Transportation in Malaysia started to develop during British colonial rule, and the country's transport network is now diverse and developed. Malaysia's road network is extensive, covering 290,099.38 kilometres, including 2,016.05 km of expressways (in 2021). The main highway of the country extends over 800 km, reaching the Thai border and Singapore. Peninsular Malaysia has an extensive road network, whilst the road system in East Malaysia is not as well-developed. The main modes of transport in Peninsular Malaysia include buses, trains, cars and to an extent, commercial travel on airplanes.

Malaysia has six international airports, and two container ports ranked among the top 20 busiest in the world. The official airline of Malaysia is Malaysia Airlines, providing international and domestic air service alongside two other carriers. Most of the major cities are connected by air routes. The railway system is state-run, and covers a total of 1,849 km. Popular within the cities are commuter rail and rapid transit, which reduces the traffic load on other systems, and is considered safe, comfortable and reliable. Public transportation is more developed in Malaysia than in some of the other Southeast Asian countries.

==Land==

=== Roads ===

Malaysia's road network covers 290,099.38 km, of which 288,083.33 km is paved/unpaved roads, and2016.05 km is expressways. The longest highway of the country, the North–South Expressway, extends over 800 km between the Thai border and Singapore. The Second longest highway is East-Coast Highway (LPT-E8) Spanning almost 500 km from Kuala Lumpur to state capital of Terengganu, Kuala Terengganu. The road systems in Sabah and Sarawak are less developed and of lower quality in comparison to that of Peninsular Malaysia. Recently, the construction of Pan-Borneo Highway is approved under 2015 Malaysian Budget. The highway project spans 1,663 km (936 km in Sarawak, 727 km in Sabah) mostly mirror the existing trunk road, and it involves the widening of the present three-metre-wide single-carriageway into a dual-carriageway. Driving on the left has been compulsory since the introduction of motor vehicles in Federated Malay States in 1903 during British colonial era. It is estimated that 9,432,023 passenger cars are actively using this road network in 2018.
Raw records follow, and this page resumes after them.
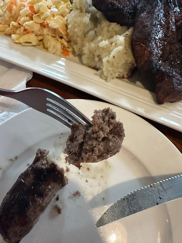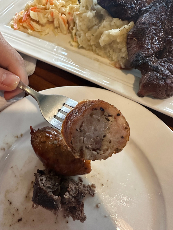미트 플래터는 양갈비 2대 + 수제소세지 2개 + 매쉬드 포테이토 + 콘슬로우 + 양배추샐러드로 구성되어있다. (원한다면 grilled shrimp를 추가하는 것도 가능하다)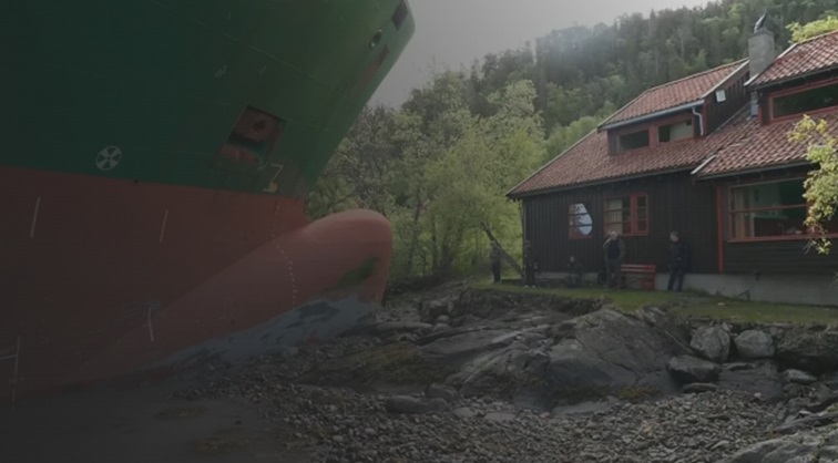 नॉर्वे में नाविक की गलती से विशाल मालवाहक जहाज घर के पास पहुंच गया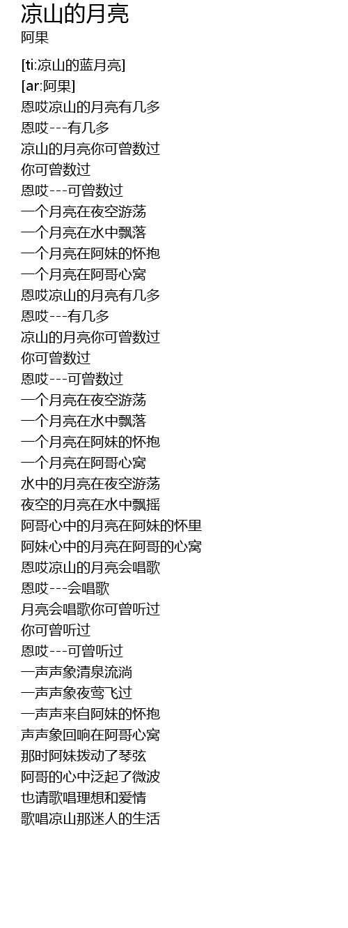 | [00:36.470] | 恩哎凉山的月亮有几多 |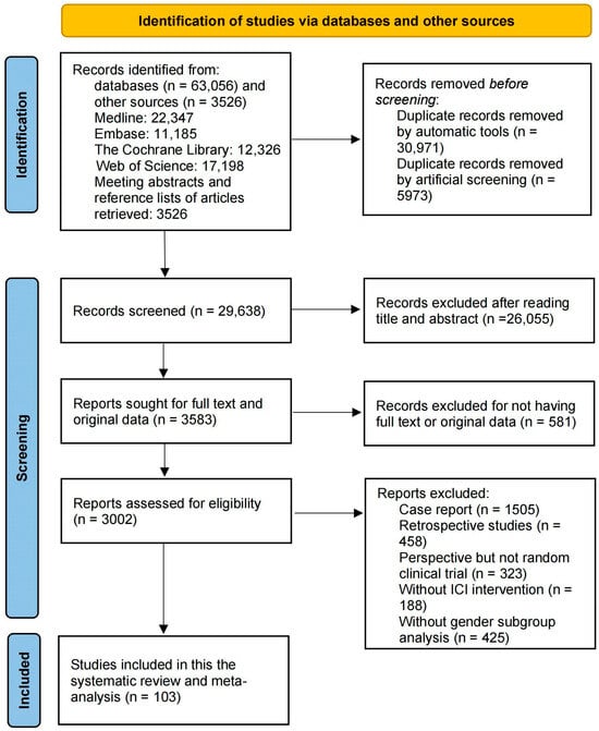Zhong, X.; Sun, J.; Zeng, N.; Xiong, Y.; An, Y.; Wang, S.; Xia, Q. The Effect of Sex on the Therapeutic Efficiency of Immune Checkpoint Inhibitors: A Systematic Review and Meta-Analysis Based on Randomized Controlled Trials. Cancers 2024, 16, 382. https://doi.org/10.3390/cancers16020382
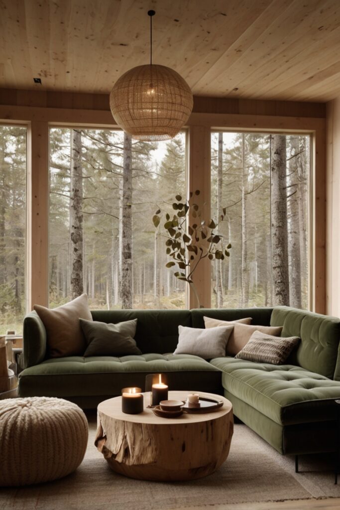 There’s a sense of connection here, to nature and to things that last. Furniture wears earthy tones and simple silhouettes. You’ll find thick wool throws in dark olive or moss. Maybe even a forest-green velvet armchair sitting quietly by the window.

Railway network in peninsular Malaysia

=== Railways ===

The railway system is state-run, and covers a total of 1849 km. Most of the railway lines are consisted of ballasted setup, along with concrete sleepers, which serves better in wet and humid tropical condition, compared to wooden sleepers which can rot over time. As early as 1980s, due to the need for local suppliers of such products, a few local Malaysian rail manufacturing companies had been formed by collaboration with foreign technology partners.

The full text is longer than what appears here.